The moment the dog got into the boat, he started racing again (hubby is still in the water) but this time he was shooting poop all over the boat (and me!) as he ran. It was obvious that the dog had to go, therefore the panic. Once he stopped and completed the task (runny..runny...runny poop) he was fine. I wasn't ...the boat wasn't..

Point I'm trying to make is if we had a jacket on him, it would have been much easier to get him back into the boat. I had no intention of letting him swim, therefore didn't even consider a canine jacket. Never crossed my mind that he'd just jump off the boat.


----------



## Shade (Feb 20, 2012)

For swimming I use a harness and long leash

However in a boating or more dangerous situation I would use a lifejacket for sure, just for the peace of mind


----------



## llombardo (Dec 11, 2011)

Lilie said:


> Many years ago, I was fishing with hubby in the bay. We had an adult dobie that showed up at my house one day. We took him with us to help socialize him. He did fine on the boat etc. I did not have a life jacket for him. Never even crossed my mind.
> 
> At one point during the morning (about an hour after we started fishing) he started to race around the boat as fast as he could. Suddenly, he just jumped out of the boat and started swimming away from us.
> 
> ...



This is to funny because my GSD very possibly could have done the same thing. We were heading in(pretty much in the middle of the lake) and she started barking, it was her I have to go to the bathroom bark. I immediately sent all kids by her to pet her, do tricks with her, and keep her mind off the poop. As soon as the boat was docked, she flew off and pooped


----------



## katdog5911 (Sep 24, 2011)

I was considering a life vest but have decided Stella doesn't need it. She is just over 1 yr old and is becoming quite the swimmer. She will go into any water now.... At the river or lake I use a harness and long line. In my pool I am teaching her to go in and out using the stairs. The first few times she went into the pool were when I went under water. I guess she thought she needed to save me....lol When she got to me (in the shallow end of the pool) she had no idea what to do. I held her and guided her back to the stairs. One time she swam to me and we just sat in the pool with her on my lap! But I think her best teacher was the frog the other day. She just came in and swam all around trying to find the frog. And she went to the stairs to get out without being told. Now I want to teach her to float on a raft....lol


----------



## KentuckyGSDLover (Nov 17, 2011)

If there's a clear, easy way out of a pool I personally wouldn't use a life jacket there, but I used one on Buddy when we were on the boat in the Ohio River (or any place that was deep and/or may have a current).


----------



## Jo Ellen (Aug 30, 2011)

I wouldn't feel the need for a life vest in a pool, you're right there to assist if needed. Let your dog learn to swim, he will. Have a little faith


----------



## Superscout (Jan 23, 2012)

I take my GSD out on the boat in fairly large lake; he is always in a life jacket. It is easier to see him, reboard him when he is done swimming and as he swims like a mad dog the whole time he is in the water, i feel better about his ability to float if he tires out.


----------



## JakodaCD OA (May 14, 2000)

yes I'd get a life jacket, it will give her more confidence as well..I have one for my aussie, she sinks like a rock, her butt sinks and then she starts flapping her front legs, goes into a panic,,with the life preserver she now enjoys the water.

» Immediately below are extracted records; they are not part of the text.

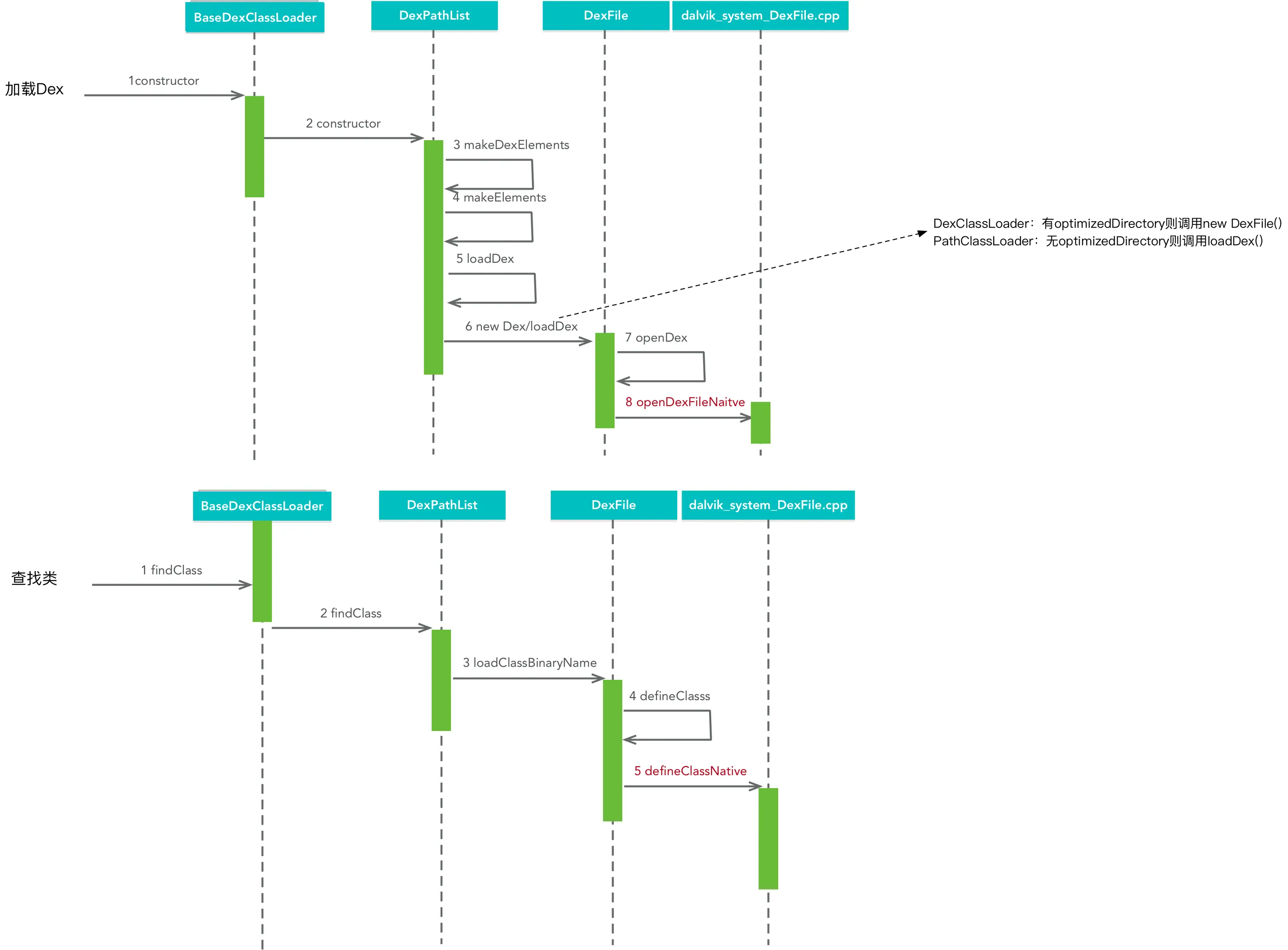我们来看看Dex文件加载、类的查找加载的序列图,如下所示:
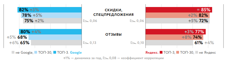 У акций и скидок на странице есть сильная корреляция с позицией в Google и связь с позицией и попаданием в топ Яндекса.
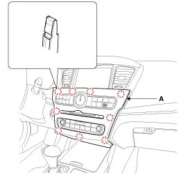 Remove the center fascia panel (A) with hazard lamp switch.
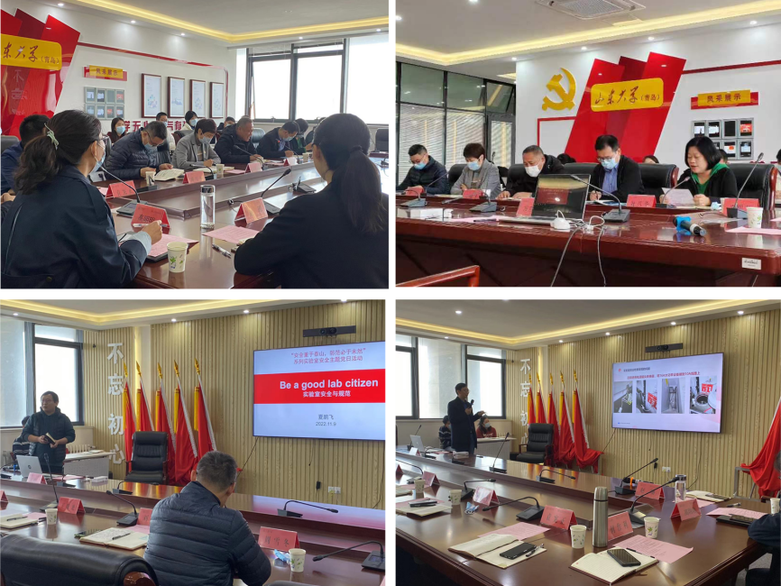 [本站讯]为深入学习贯彻党的二十大报告中关于总体国家安全观的重要精神,落实学校“119消防安全教育月”活动,11月9日上午,环境科学与工程学院生物与材料党支部开展“安全重于泰山,防患必于未然”实验室安全主题党日活动。青岛校区资产与实验室管理处处长王曙光、科长魏凤华,公共(创新)实验教学中心周雪冬,环境学院党委书记刘健、副院长袁宪正、党委副书记桑伟林等出席活动。生物与材料党支部书记赵珊主持活动。

I got mine at Petsmart for like 30$


----------



## grappletech (Jul 21, 2012)

At 9wks My family and I went "noodling" and we got Harvey his own Tube. Well He jumped out of his tube and rode on my lap the rest of the until it started to pour raining(we are still on the river). He jumped out of my lap and swam like a champ about 50 yards down the river and it didnt phase him one bit. The rest of the vacation he played and romped in the water.


----------



## MaggieRoseLee (Aug 17, 2001)

I've never had life jackets for any of my dogs and they swim like champs.

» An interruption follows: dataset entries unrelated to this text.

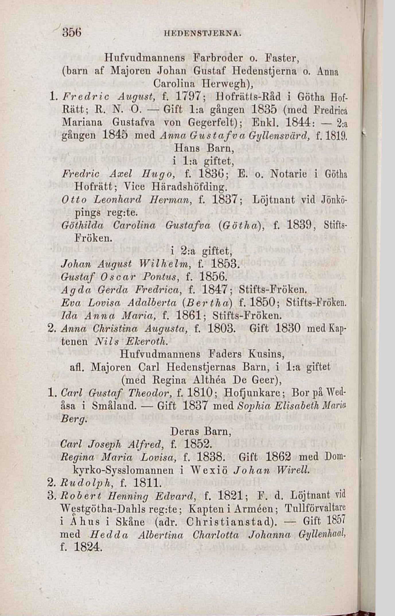 1. Fredric August, f. 1797; 11 ofrätls-Rad i Götha
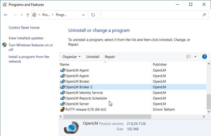 1. Locate and click on OpenLM Broker in the list of names (click on Name to sort the list alphabetically). Action options for the program will appear at the top of the list (see Figure 20).
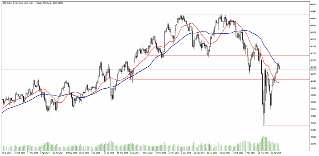 Teknik Analiz: Dow Jones CFD endeksi 50 günlük hareketli ortalama direncini aşmayı başaramadı. Endekste 50 günlük hareketli ortalamanın bulunduğu 41350 seviyesini direnç olarak takip etmeye devam ediyoruz. Bu direncin aşılması ve üzerinde kalıcılık sağlanması halinde endekste yukarı yönde 42000 seviyesi test edilebilir. Aşağı yönde ise 40700 ve 40400 seviyeleri endekste destek olarak takip edilebilir
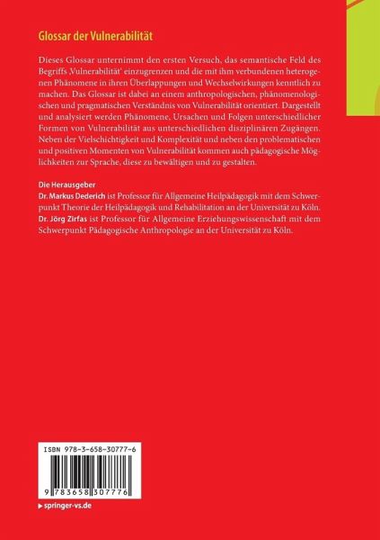 Dieses Glossar unternimmt den ersten Versuch, das semantische Feld des Begriffs 'Vulnerabilität' einzugrenzen und die mit ihm verbundenen heterogenen Phänomene in ihren Überlappungen und Wechselwirkungen kenntlich zu machen. Das Glossar ist dabei an einem anthropologischen, phänomenologischen und pragmatischen Verständnis von Vulnerabilität orientiert. Dargestellt und analysiert werden Phänomene, Ursachen und Folgen unterschiedlicher Formen von Vulnerabilität aus unterschiedlichen disziplinären Zugängen. Neben der Vielschichtigkeit und Komplexität und neben den problematischen und positiven Momenten von Vulnerabilität kommen auch pädagogische Möglichkeiten zur Sprache, diese zu bewältigen und zu gestalten.

It's just like with HUMANS though, we need our common sense. I need to consider the currents and how tired my dog may be.


----------



## DJGinger (Jun 5, 2013)

I was going to ask who used life jackets and found this. I have always got my young dogs life jackets and vehicle restraints early on. Young animals can tire quicker than one thinks and I don't want to have to jump in to try and handle my panicked drowing dog (did that once-never again. Guy hated his dog-shot it and threw it off a bridge.. even though it was only about 35 lb and had one leg broke, I had hella time getting Sampson to safety and taking him home). I had a Brittany at that same time in early 80s that would near drown herself chasing ducks, falling leaves or bug circles on water. 
Not so worried about playing on surfline or at lakeshore with adults. But will have jackets on around rivers or on boats. 
The reason a dog should wear a life jacket is same reason any adult should, in case of accident. The chance of hitting head , or becoming dazed or hitting water hard enough to break something ...and subsequently drowning. When the boat isn't moving, and you have a swimmer, it is much easier to haul em up by handle on vest. And it makes it easier for my children to say EVERYONE must wear it. Especially with a disobedient dog. My trustworthy dogs could just kick back without warm vest once we were not moving.


----------



## mattbaker (Apr 2, 2020)

Nickyb said:


> I'm getting Zoey back! And I want to start where i left off with our swimming. My Gf has a great pool and her dog swims in it all day. I want Zoey to join the fun! Would you guys recommend a life jacket to help her rear end stay afloat. This was our first attempt, her head was above water fine, but the rear really lacked. I know she needs to learn but whats the best way? We'll probably hit the beach the first few times and get her to go in on her own.
> 
> ps here she is, pic makes me look weird and skinny.
> 
> ...


Would strongly recommend a life jacket. In an unintended event, your GSD may not be able to swim efficiently. So, make sure a life jacket is on!


----------